Iceland Volcano Covers Europe in Ash: Lessons from History
The volcano that erupted on Wednesday in Iceland has caused widespread air traffic chaos across Europe including in Bulgaria, but is there a possibility of this natural phenomenon causing longer term damage?
The amazing fact is that the 2 worst famines in Europe over the past 1000 years have been caused by erupting volcanoes in Iceland, one of which even led to the French Revolution:
Laki Covers Europe in Darkness:
The massive eruption of the Laki volcano in 1783 caused one of the greatest disasters in living history.
The Laki volcano eruption occurred in the June of 1783 in Iceland killing many thousands and spreading a massive haze that covered most of Europe and parts of North America. This cloud was even reported to have extended into Asia and North Africa.
In its wake, the Laki Volcano eruption, although beginning in Iceland created widespread famine across Europe when the weather pattern changed so dramatically that it affected vital crops in the summer months and saw the loss of livestock, kwintessential.co.uk informed.
The meteorological impact of the Laki Volcano eruption in Iceland brought unprecedented weather patterns with violent thunderstorms and hailstorms, killing cattle in the fields and destroying crops.
The eruption therefore, effectively eradicated the summer of that year. The sun was obscured by the vast cloud caused by the Laki eruption and, what should have been a warm summer in the northern hemisphere, took on winter proportions, not just in Iceland, but all over Europe.
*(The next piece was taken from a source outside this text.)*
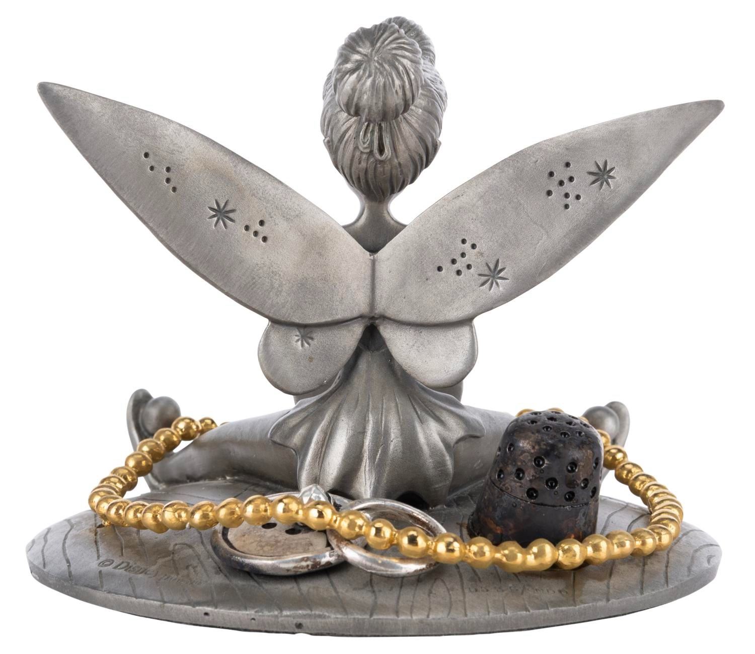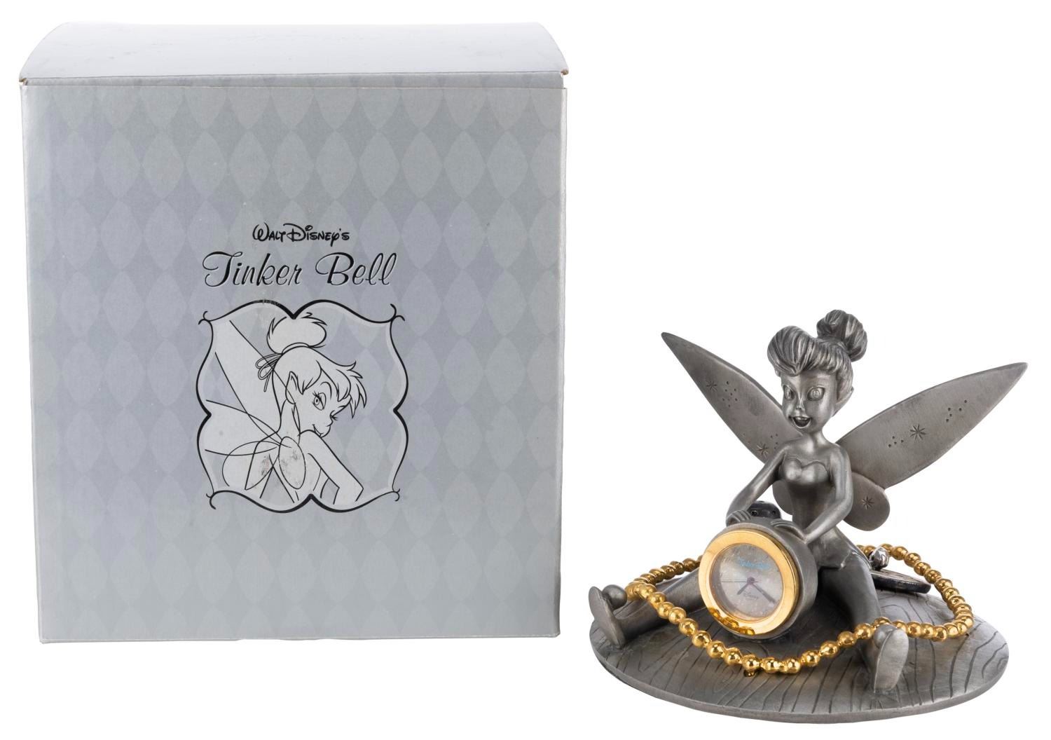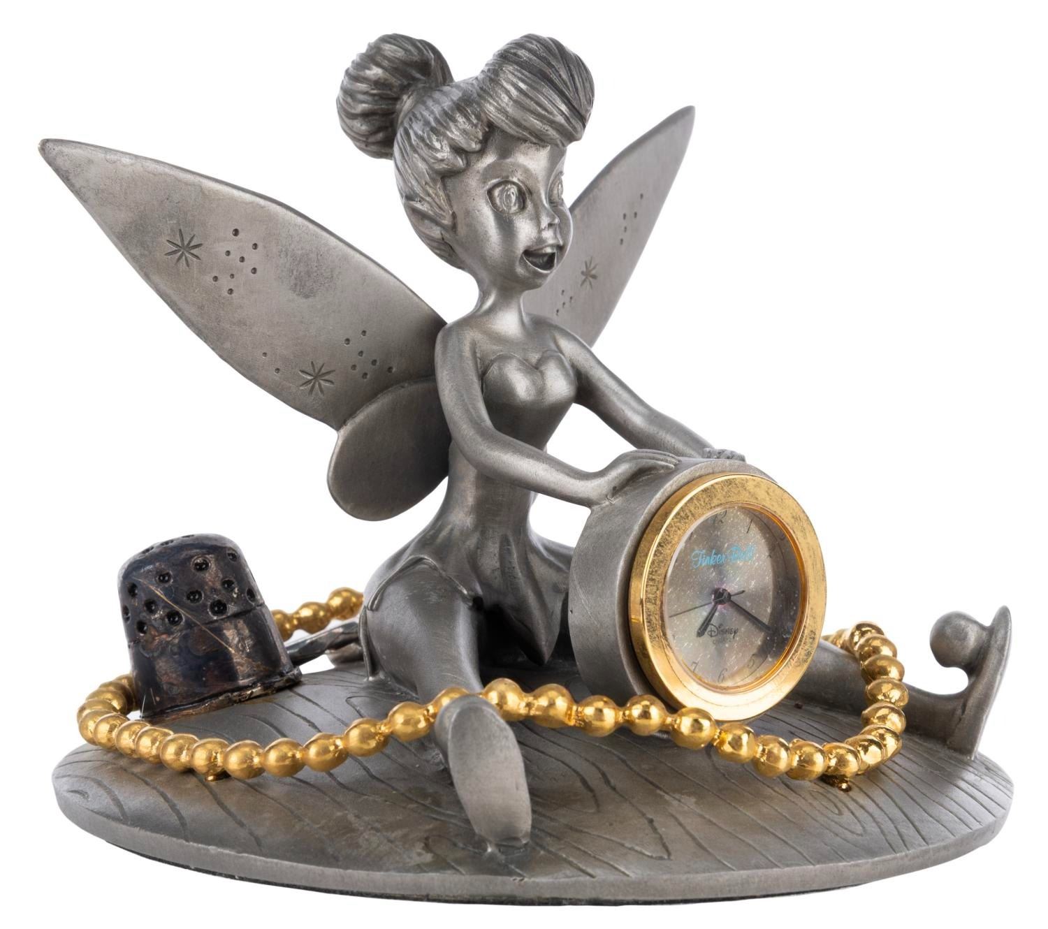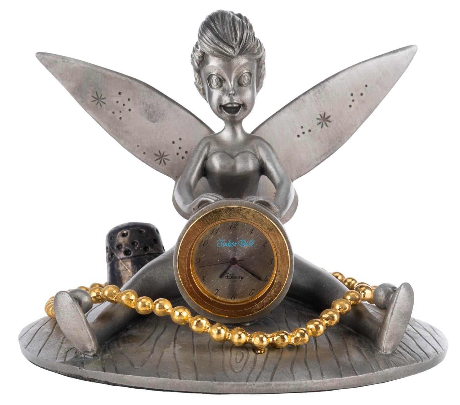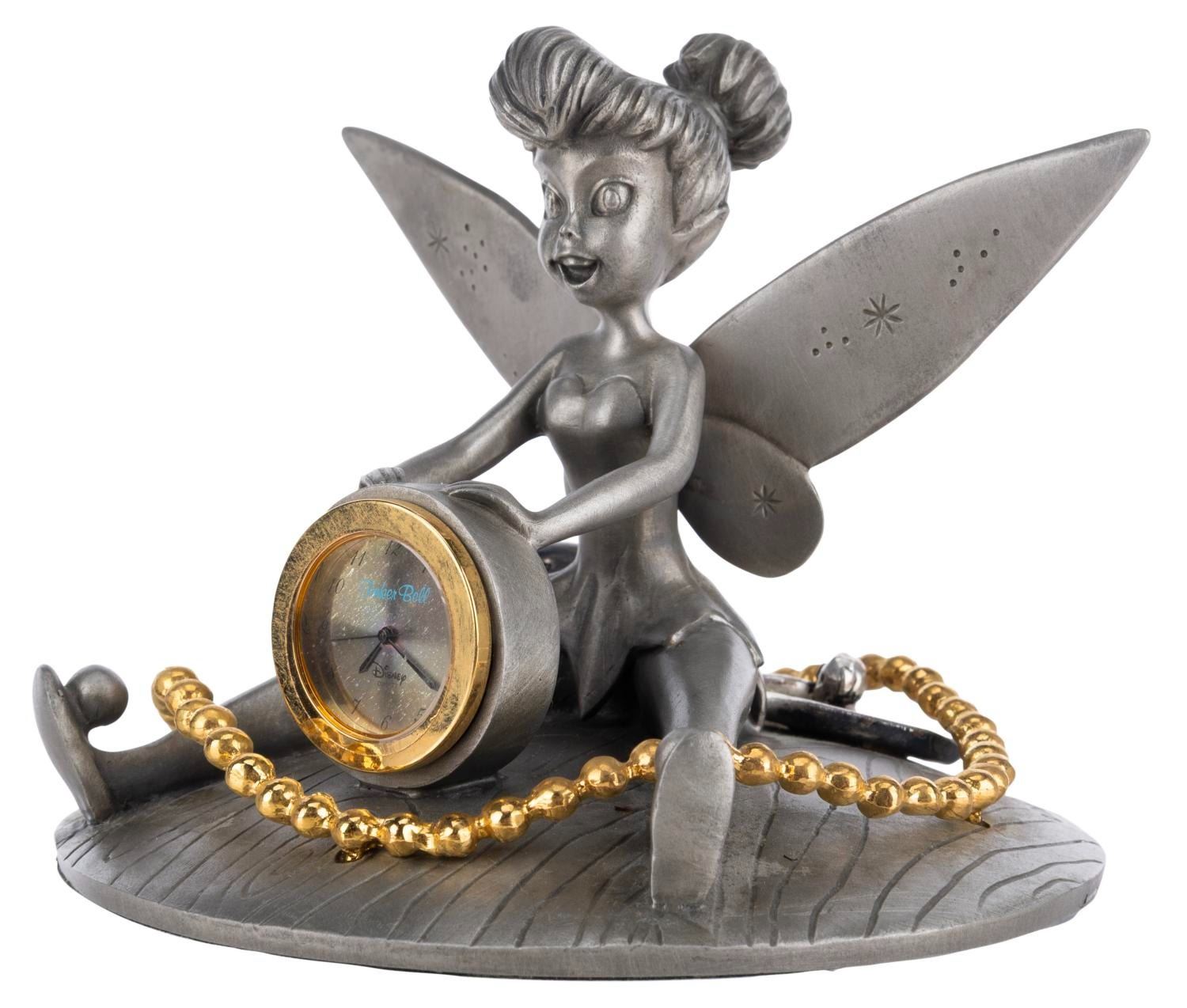 (Disney, 1996) A pewter Tinker Bell figurine with an inset clock. Numbered 0536/5000, the clock measures 4.75 " diameter x 4 " tall and is in fine condition, requiring a battery and possibly service to function.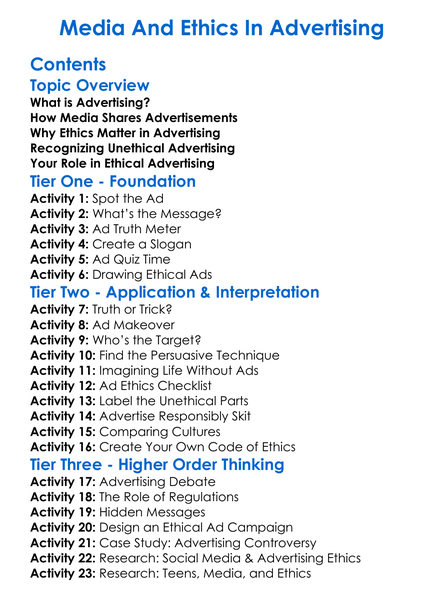 Media And Ethics In Advertising Worksheet Activity Booklet

It was reported that the sun either remained as a pale ghost or took on a strange, blood red colour in the volcanic haze.
In reference to the eruption in Iceland, Benjamin Franklin during a lecture in 1784 made the following comments ‘….when the effect of the sun’s rays to heat the earth in these northern regions should have been greater, there existed a constant fog over all Europe, and a great part of North America…’
The repercussions of the Laki Volcano eruption in Iceland resonated throughout Europe for the next few years. The summer of 1783, having been turned to winter was followed by an extreme, harsh winter in 1784, even in North America where it was reported as one of the coldest on record.
The Laki Volcano eruption in Iceland can also be said to have contributed significantly to the French Revolution. After several years of extreme weather in Europe caused by the Laki eruption, the ensuing destruction of crops and livestock brought famine and poverty that built up in France, triggering the Revolution which began in 1789.